Юрий Покальчук - Дорога через горы
И вот мысль. Нет, идея! Она уже жила, крепла в них. В Испанию! Партия посылает своих лучших людей на передний край борьбы. В Испании гражданская война, интернациональные бригады. Организовываем польскую бригаду. Польская компартия посылает своих товарищей. Старшим идет Полищук. Это будет наша первая группа.
Я поеду. Андрий сказал это первым. Но товарищ из окружкома остановил: ты же не умеешь стрелять. Вот другие служили в армии. Но ведь и Мирон не служил. Я научусь. Я сильный, я был спортовцем[13], я... я...
— Не говори так много «я», Андрий, — остановил его Полищук. — Пусть идет с нами. Этот парень так показал себя во время побега, что, думаю, и в бою пригодится.
Андрий с благодарностью смотрел на Полищука. Тот улыбался. Все только начинается, только начинается. Вам придется нелегально переходить три границы. В Испанию стараются не пускать. Буржуазные правительства против республиканской Испании. Значит, можно попасться и на границе.
Потом разделились, Андрий с Полищуком поехали в Люблин, Стаецкий, Волох и Миколайчук — в Краков, Писарский, Лахман и Лозинский — в Прагу. Всем вместе — слишком заметно, опасно.

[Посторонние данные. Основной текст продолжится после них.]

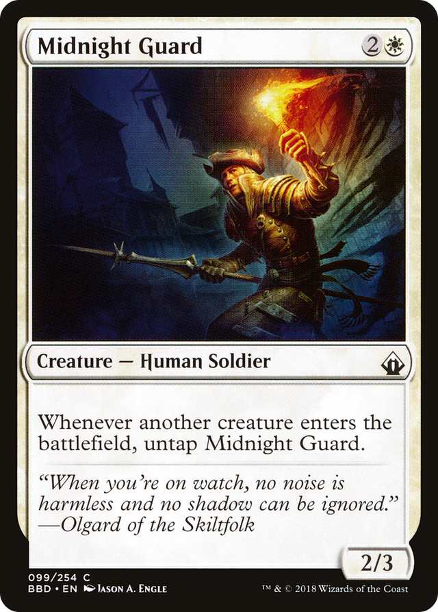 Whenever another creature enters the battlefield, untap Midnight Guard.
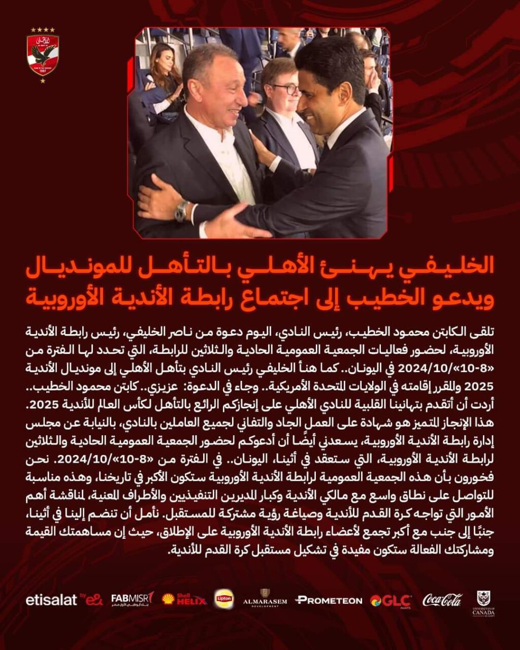 عزيزي.. كابتن محمود الخطيب.. أردت أن أتقدم بتهانينا القلبية للنادي الأهلي على إنجازكم الرائع بالتأهل لكأس العالم للأندية 2025. هذا الإنجاز المتميز هو شهادة على العمل الجاد والتفاني لجميع العاملين بالنادي، بالنيابة عن مجلس إدارة رابطة الأندية الأوروبية، يسعدني أيضًا أن أدعوكم لحضور الجمعية العمومية الحادية والثلاثين لرابطة الأندية الأوروبية، التي ستعقد في أثينا، اليونان.. في الفترة من «8-10»/10/2024. نحن فخورون بأن هذه الجمعية العمومية لرابطة الأندية الأوروبية ستكون الأكبر في تاريخنا، وهذه مناسبة للتواصل على نطاق واسع مع مالكي الأندية وكبار المديرين التنفيذيين والأطراف المعنية، لمناقشة أهم الأمور التي تواجه كرة القدم للأندية وصياغة رؤية مشتركة للمستقبل. نأمل أن تنضم إلينا في أثينا، جنبًا إلى جنب مع أكبر تجمع لأعضاء رابطة الأندية الأوروبية على الإطلاق، حيث إن مساهمتك القيمة ومشاركتك الفعالة ستكون مفيدة في تشكيل مستقبل كرة القدم للأندية.
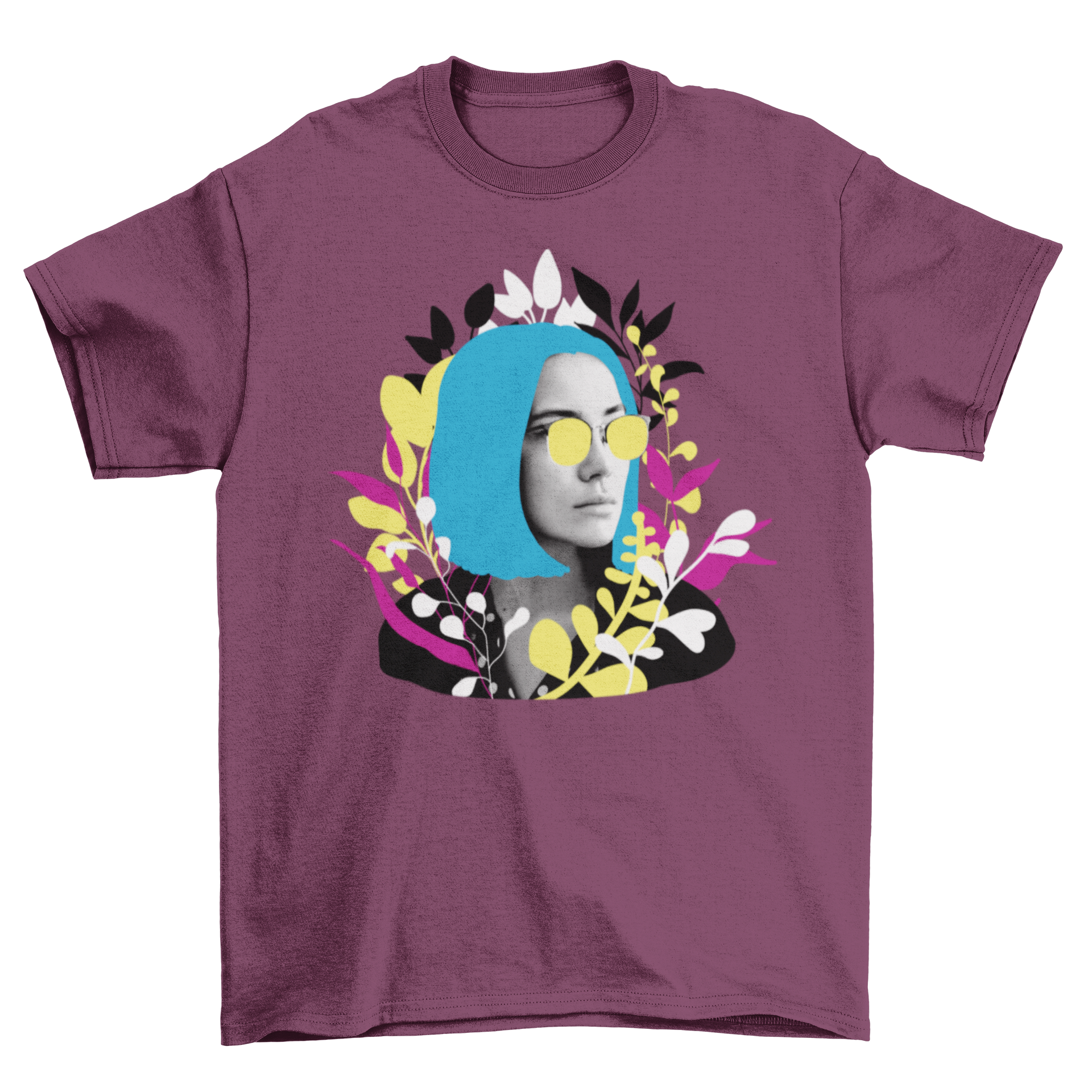 Introducing the Colorful Girl Floral Tee, a must-have addition to your wardrobe that combines style and comfort effortlessly. This unique t-shirt features a captivating design of a girl wearing glasses, surrounded by vibrant floral elements that add a touch of whimsy and charm. Perfect for those who love to express their individuality through fashion, this tee is not just a piece of clothing; it's a statement.

Те, кто ехал через Польшу, должны были добраться до побережья, попробовать сесть на корабль. А те, кто в Прагу, через границу в Австрию, Швейцарию и дальше. Полищук отпустил бородку и усы, его совсем было не узнать. Андрий еще не брился, усы темнели первым пушком. Только волосы отросли.
...Он сидел на скамье недалеко от парковой дорожки и не слышал, что дальше говорил шпик, — о людях и взаимопонимании, о дружеских отношениях, о том, чтобы Андрий остался в городе, а его новый знакомец (он представился коротко — Адам, или просто говори мне Адась, я хочу стать твоим другом) поможет ему найти верный путь в жизни. Я уверен, что ты сможешь не только искупить свою вину, но и быть полезным цивилизованному обществу. Твое место с нами, а не с теми бандитами...
О, я много могу, ты не думай, ты слушай меня, ты только слушайся... Это было долго и мучительно, и Андрий постепенно терял способность к сопротивлению, уходило и ощущение страха, не покидавшее его с того момента, когда шпик аккуратно взял его за локоть на трамвайной остановке. Он сидел, уставившись на желто-зеленые кроны деревьев, уже не находя в себе сил двинуться, убежать отсюда, убежать от этого человека, от его слов, от его вкрадчивых жестов, от его револьвера — рукоятка торчала из кармана серого плаща, от всего, чего хотел этот человек, что он делал, чувствовал и думал. На мгновение у Андрия потемнело в глазах. Когда он пришел в себя, знакомец Адам сидел рядом на скамье, глядя в сторону.
— Можешь идти! Ты только и думаешь, чтобы удрать, я знаю. Вот и иди. Иди и подумай. Ведь все равно из Данцига тебе уже не выбраться. Я дал тебе адрес. Лучше приходи сам. Я не обманываю тебя. Вон там наверху трамвайная линия, уходи. И убирайся лучше отсюда, потому что нарвешься на кого-нибудь другого — и тебе крышка. Иди!
А если все-таки выстрелит в спину, а потом скажет, что при попытке к бегству? Андрий застегнулся, оправил одежду, поднял воротник и сунул руки в карманы френча.
— Не бойся, — сказал агент. — Уходи, а то я еще передумаю...
Андрий быстро встал, резкое движение встревожило шпика, он тоже поднялся и стоял, оглядывая Андрия с ног до головы, будто видел его насквозь. Андрий же не отводил взгляда от тускло поблескивавших в темноте стеклышек пенсне, от маленьких глаз за ними, а потом коротким сильным ударом; вкладывая в него всю свою силу, всадил нож в живот шпика по самую рукоять.
Это был большой складной нож, подаренный ему еще в Камень-Каширском хозяином дома, где они прятались.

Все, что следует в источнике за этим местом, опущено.